COOPER STATE PARK
Lake Holathlikaha is the heart of Fort Cooper State Park. Spring-fed and crystal-clear, the 160 acre lake lured battle-weary volunteers to its banks in 1836, where they built and defended a frontier fort. Today, it charms thousands of visitors each year with its unique blend of beauty and history.The park is named for Maj. Mark Anthony Cooper, commander of five companies of the First Georgia Battalion of Volunteers during the Second Seminole War. In April 1836, Cooper's duty as to protect the sick and wounded left behind during Gen. Winfield Scott's long march to present-day Tampa. For 16 days, Cooper and about 380 men watched and waited, drinking from the waters of the lake and scanning the woods that rimmed its eastern shore. There were several skirmishes, but the volunteers held their own. On April 18, Scott returned with supplies and reinforcements, leading the men of Fort Cooper from their frontier sanctuary into new battles. The 710 acres that would become Fort Cooper State Park were acquired in 1970 from private owners. It opened to the public in 1977. The swamp and marsh areas around the lake, the hardwood hammock, and the sandhill communities provide opportunities to observe the extensive wildlife on the park's 10 miles of self-guided trails. Deer, fox, rabbits, owls, herons and cardinals are all residents of park.

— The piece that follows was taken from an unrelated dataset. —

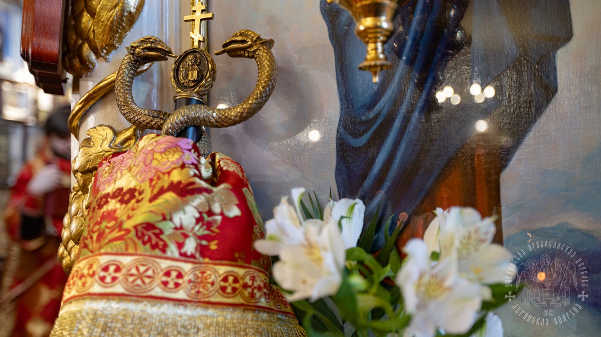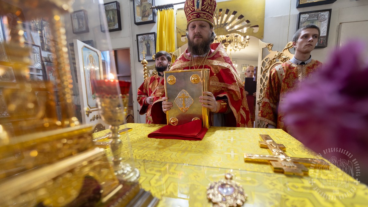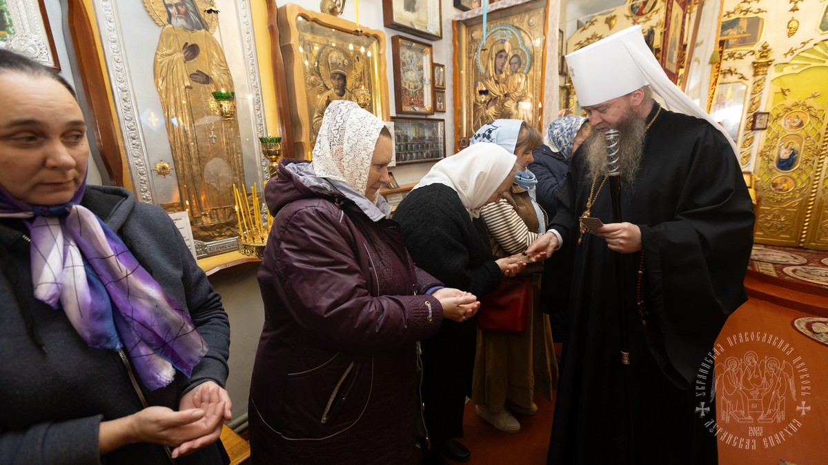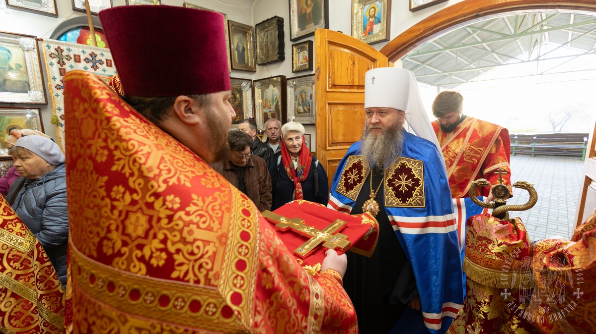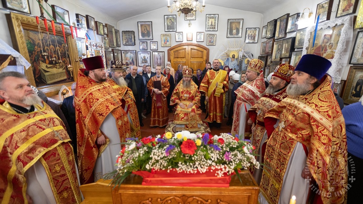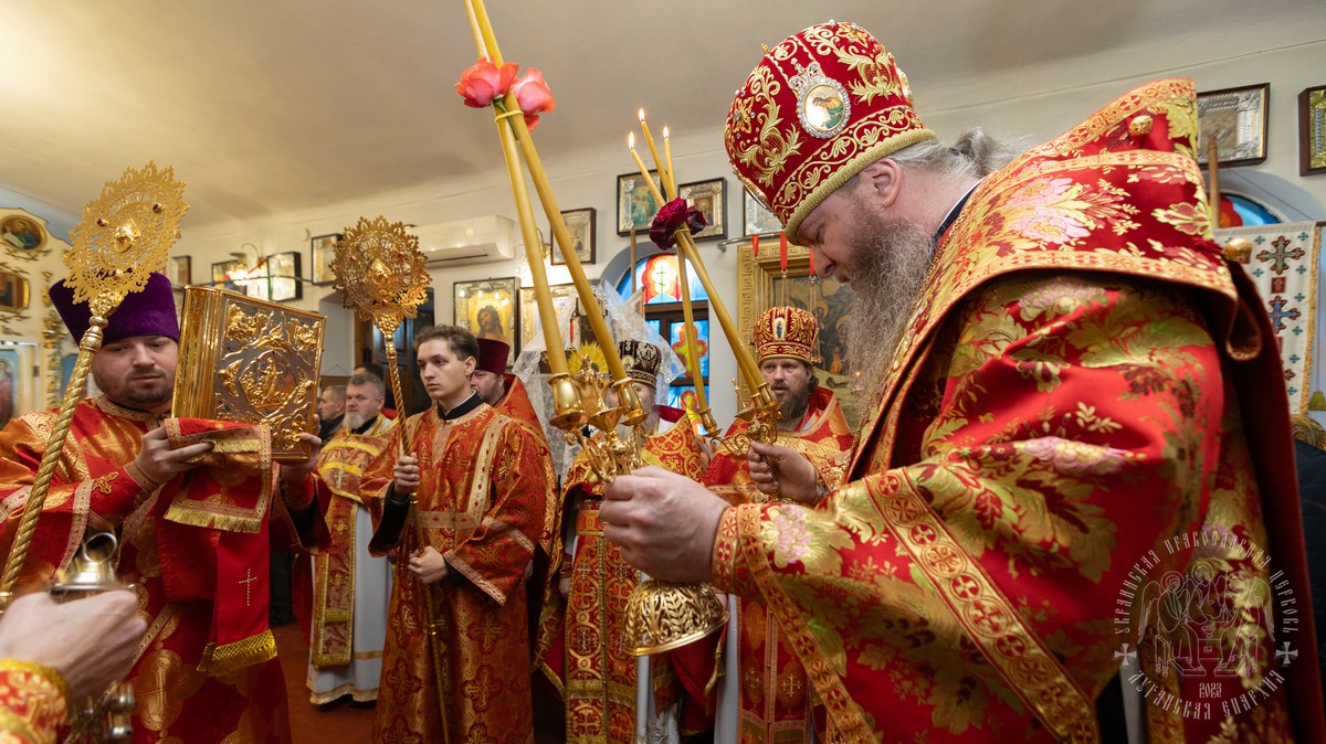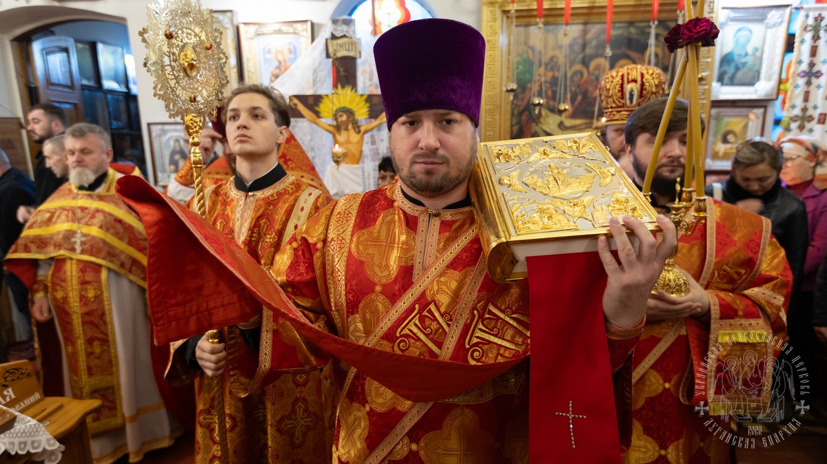 За Литургией Его Высокопреосвященству сослужил секретарь епархии прот. Андрей Зозуля, благочинный Алчевского округа прот. Александр Устименко, благочинный Перевальского округа и настоятель храма прот. Роман Колодка, а также духовенство благочиния.
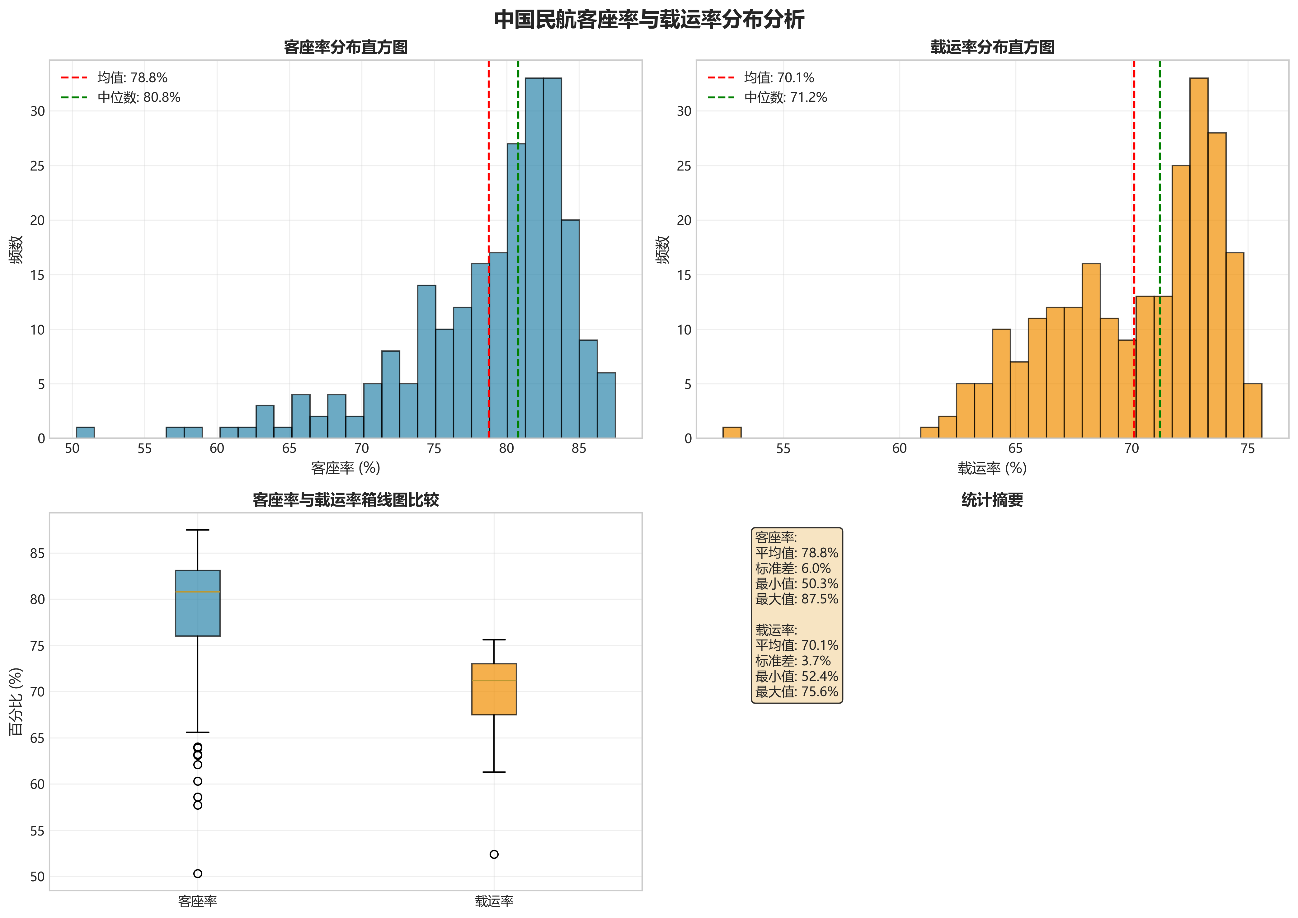 - 分布形态:客座率分布呈现明显的左偏态,受2020-2022年疫情期间极端低值影响,平均值被拉低。载运率分布相对更为集中和对称。

The park offers primitive tent camping for groups of up to 20 people. Visitors can play volleyball and horseshoes in the main use area of the park. There is also a playground available.
Swimming, sunbathing and fishing are very popular activities at this park. The hardwood hammock is an excellent picnic area complete with grills, tables and pavilions. Pavilions are available to rent as are canoes and paddle boats which can be rented for a day of enjoyment in the lake.Some facilities and activities in the park are accessible to people with disabilities.